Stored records
━━━━━━━━━━

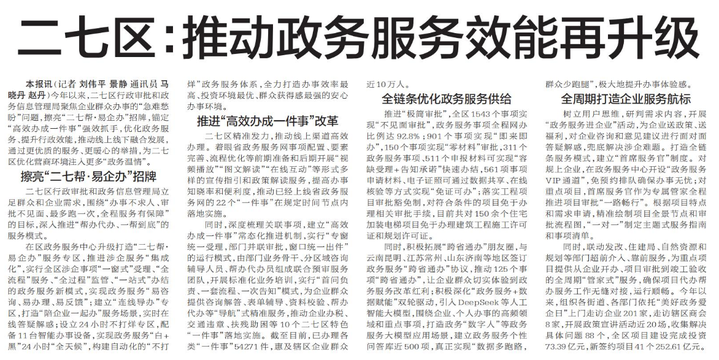 二七区:推动政务服务效能再升级
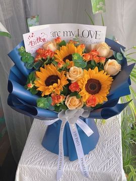 | 材料 | 3枝向日葵、5枝香槟玫瑰、3枝橙色多头玫瑰、尤加利叶点缀 |
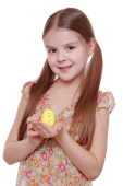 całkiem mała dziewczynka gospodarstwa ozdoba wielkanocna
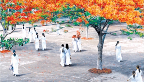 Kia rồi! Cổng trường hiện ra trước mắt tôi. Chao ôi! Trường đổi thay nhiều quá, khang trang, sạch đẹp hơn. Hàng phượng thưa thớt xưa giờ đã được trồng thêm những cây phượng, cây bàng tán lá sum suê reo vui trong gió.
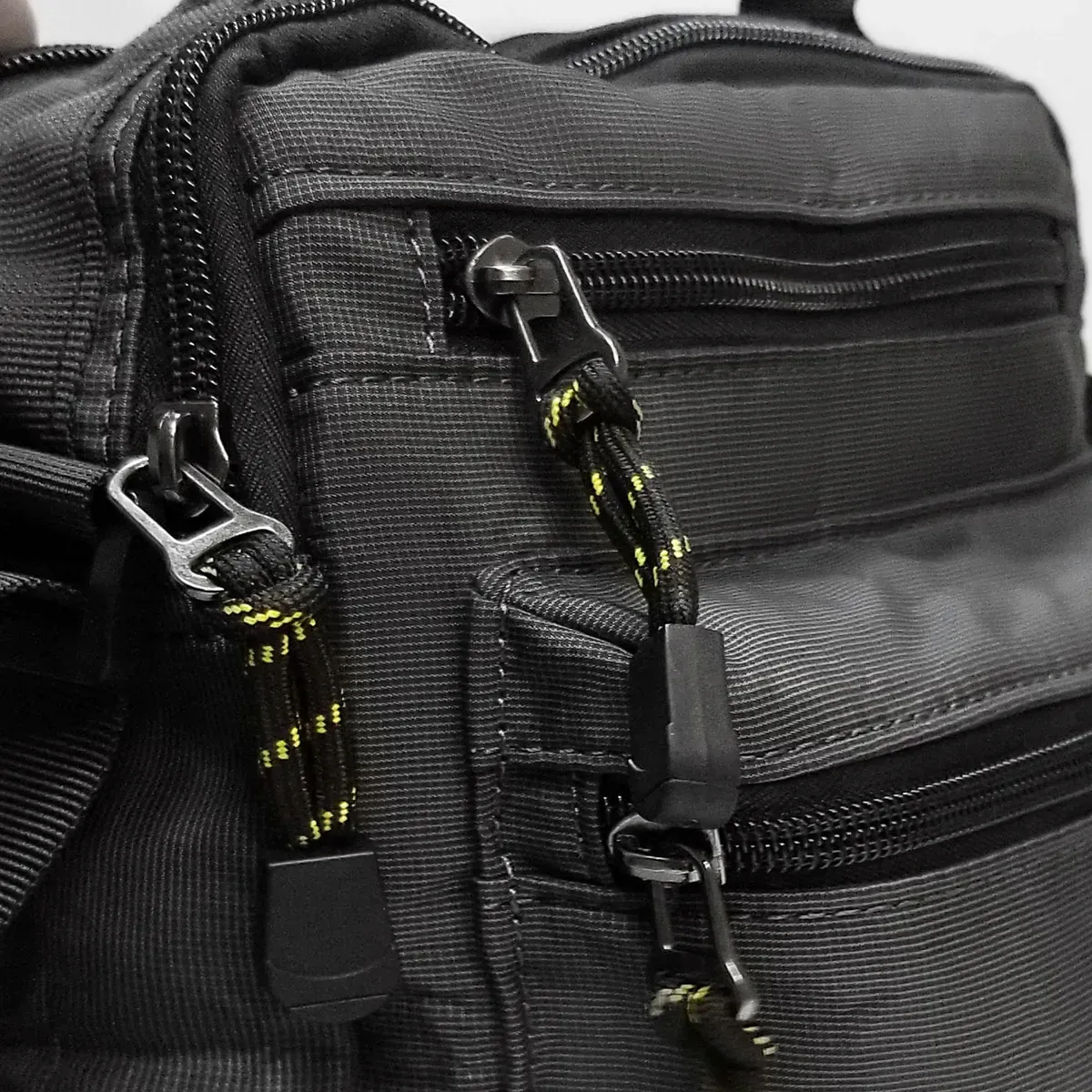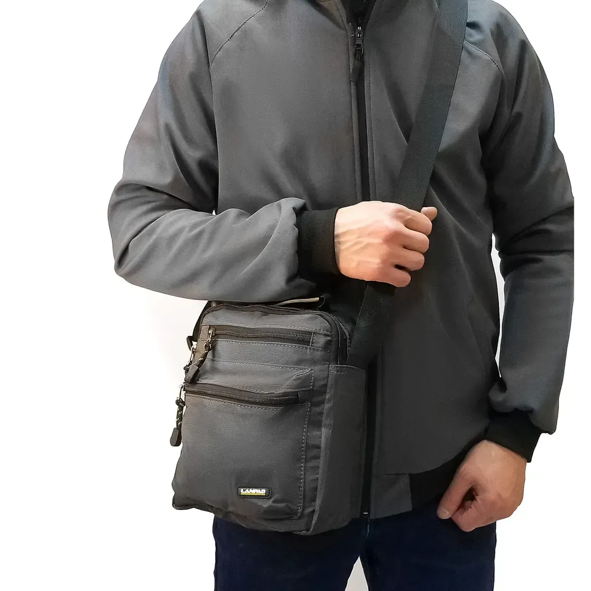 Мужская большая сумка Lanpad. Два отделения, закрываются на молнию. Внутри есть карман на молнии и открытый карман. На фасаде сумки находятся 2 больших карман на молнии и на обратной стороне есть один карман на молнии. Регулируемый плечевой ремень шириной 4см.
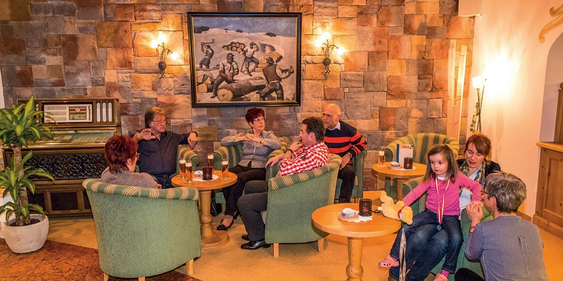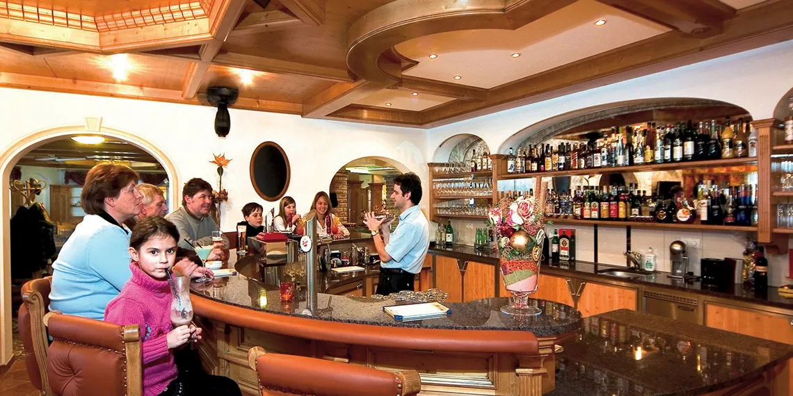 Hotelový bar je živým srdcem hotelu Alpenhof. Hosté zde nacházejí ideální místo pro večerní posezení, přátelské rozhovory a sdílení zážitků u sklenky vína, koktejlu nebo dobře načepovaného piva. Pro ty, kdo preferují klidnější atmosféru, jsou k dispozici útulné salónky Zirbenstube a Saghausstube, kde se snoubí alpský šarm s pohodlím domova.
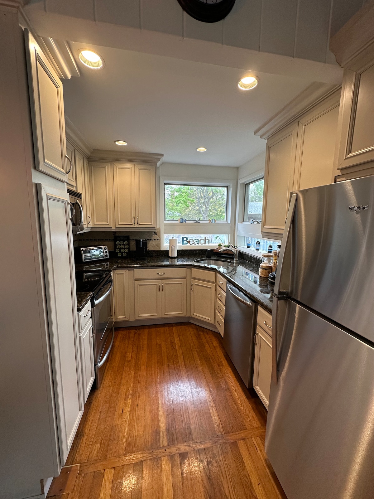 Tæt på færgen. Tæt på alle restauranter/butikker, få skridt fra strande og Great South Bay Sunsets – 3 soveværelser, 1 badeværelse, op til 7 personer. Privat udendørsbruser med varmt/koldt vand, aircondition på alle soveværelser, gasgrill, vaskemaskine, tørretumbler, mikrobølgeovn, komfur, ovn, stort køleskab, opvaskemaskine, kaffemaskine, blender, alt køkkengrej, bestik, lagner, puder, sengetøj osv. inkluderet. Stor udendørs terrasse, handicapvenlig, direkte satellit-tv, film Pkg. NOGLE FÆLLES UDENDØRS OMRÅDER, dvs. tøjvask, adgangsveje
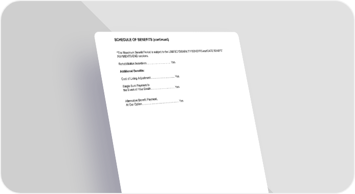 SCHEDULE OF BENEFITS (continued) GCERT2000 sch 22 *The Maximum Benefit Period is subject to the LIMITED DISABILITY BENEFITS and DATE BENEFIT PAYMENTS END sections. Rehabilitation Incentives.............................. Yes Additional Benefits: Cost of Living Adjustment .................................... Yes Single Sum Payment in the Event of Your Death.............................. Yes Alternative Benefit Payment, At Our Option............................................. Yes
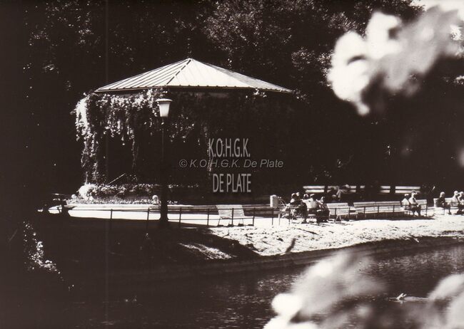 Het Leopoldpark na de overstroming 1953,de vijver is door het zeewater buiten zijn oevers getreden,en de kiosk is een eilandje geworden.
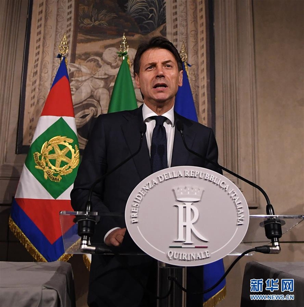 5月27日,在意大利首都羅馬,意新任總理孔特發(fā)表講話。據(jù)當(dāng)?shù)孛襟w報(bào)道,孔特27日晚間與總統(tǒng)馬塔雷拉會(huì)面并提交擬定的內(nèi)閣成員名單時(shí),馬塔雷拉否決了由意大利聯(lián)盟黨和五星運(yùn)動(dòng)力推的持疑歐立場(chǎng)的經(jīng)濟(jì)學(xué)家保羅·薩沃納出任財(cái)政部長(zhǎng)??滋叵蚩偨y(tǒng)提出放棄組閣任務(wù)請(qǐng)求,請(qǐng)求得到總統(tǒng)確認(rèn)。新華社發(fā)(阿爾貝托·林格里亞攝)
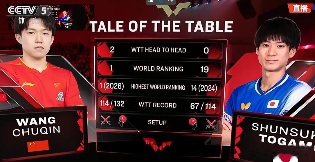 王楚钦本届新加坡大满贯首轮比赛以3:0击败澳大利亚选手卢伟,而户上隼辅在第一轮比赛中以3:1战胜韩国选手赵大成。王楚钦现在高居世界排名第一位,而户上隼辅目前世界排名第19位。王楚钦此前与户上隼辅有过七次交手记录,王楚钦取得了全胜并且未丢一局,占据绝对的优势。
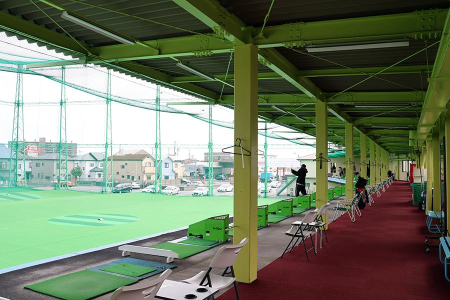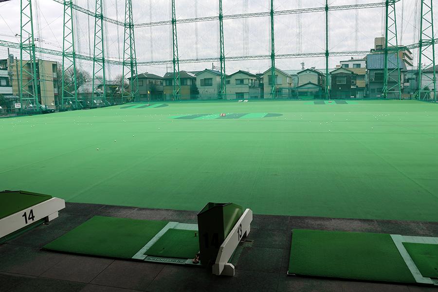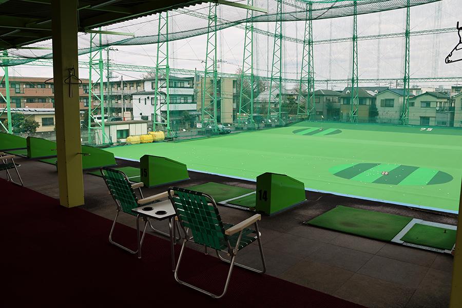 全長75yard・52打席、住宅街に向かって“打ちっぱなし”ていく同練習場は、いつでも入場料無料で500円(1F・45球/2F・50球)から利用可能。

━━━━━━━━━━

Copy the entries exactly. Leave the pictures out.

 二七区:推动政务服务效能再升级
 | 材料 | 3枝向日葵、5枝香槟玫瑰、3枝橙色多头玫瑰、尤加利叶点缀 |
 całkiem mała dziewczynka gospodarstwa ozdoba wielkanocna
 Kia rồi! Cổng trường hiện ra trước mắt tôi. Chao ôi! Trường đổi thay nhiều quá, khang trang, sạch đẹp hơn. Hàng phượng thưa thớt xưa giờ đã được trồng thêm những cây phượng, cây bàng tán lá sum suê reo vui trong gió.
 Мужская большая сумка Lanpad. Два отделения, закрываются на молнию. Внутри есть карман на молнии и открытый карман. На фасаде сумки находятся 2 больших карман на молнии и на обратной стороне есть один карман на молнии. Регулируемый плечевой ремень шириной 4см.
 Hotelový bar je živým srdcem hotelu Alpenhof. Hosté zde nacházejí ideální místo pro večerní posezení, přátelské rozhovory a sdílení zážitků u sklenky vína, koktejlu nebo dobře načepovaného piva. Pro ty, kdo preferují klidnější atmosféru, jsou k dispozici útulné salónky Zirbenstube a Saghausstube, kde se snoubí alpský šarm s pohodlím domova.
 Tæt på færgen. Tæt på alle restauranter/butikker, få skridt fra strande og Great South Bay Sunsets – 3 soveværelser, 1 badeværelse, op til 7 personer. Privat udendørsbruser med varmt/koldt vand, aircondition på alle soveværelser, gasgrill, vaskemaskine, tørretumbler, mikrobølgeovn, komfur, ovn, stort køleskab, opvaskemaskine, kaffemaskine, blender, alt køkkengrej, bestik, lagner, puder, sengetøj osv. inkluderet. Stor udendørs terrasse, handicapvenlig, direkte satellit-tv, film Pkg. NOGLE FÆLLES UDENDØRS OMRÅDER, dvs. tøjvask, adgangsveje
 SCHEDULE OF BENEFITS (continued) GCERT2000 sch 22 *The Maximum Benefit Period is subject to the LIMITED DISABILITY BENEFITS and DATE BENEFIT PAYMENTS END sections. Rehabilitation Incentives.............................. Yes Additional Benefits: Cost of Living Adjustment .................................... Yes Single Sum Payment in the Event of Your Death.............................. Yes Alternative Benefit Payment, At Our Option............................................. Yes
 Het Leopoldpark na de overstroming 1953,de vijver is door het zeewater buiten zijn oevers getreden,en de kiosk is een eilandje geworden.
 5月27日,在意大利首都羅馬,意新任總理孔特發(fā)表講話。據(jù)當(dāng)?shù)孛襟w報(bào)道,孔特27日晚間與總統(tǒng)馬塔雷拉會(huì)面并提交擬定的內(nèi)閣成員名單時(shí),馬塔雷拉否決了由意大利聯(lián)盟黨和五星運(yùn)動(dòng)力推的持疑歐立場(chǎng)的經(jīng)濟(jì)學(xué)家保羅·薩沃納出任財(cái)政部長(zhǎng)??滋叵蚩偨y(tǒng)提出放棄組閣任務(wù)請(qǐng)求,請(qǐng)求得到總統(tǒng)確認(rèn)。新華社發(fā)(阿爾貝托·林格里亞攝)
 王楚钦本届新加坡大满贯首轮比赛以3:0击败澳大利亚选手卢伟,而户上隼辅在第一轮比赛中以3:1战胜韩国选手赵大成。王楚钦现在高居世界排名第一位,而户上隼辅目前世界排名第19位。王楚钦此前与户上隼辅有过七次交手记录,王楚钦取得了全胜并且未丢一局,占据绝对的优势。
 全長75yard・52打席、住宅街に向かって“打ちっぱなし”ていく同練習場は、いつでも入場料無料で500円(1F・45球/2F・50球)から利用可能。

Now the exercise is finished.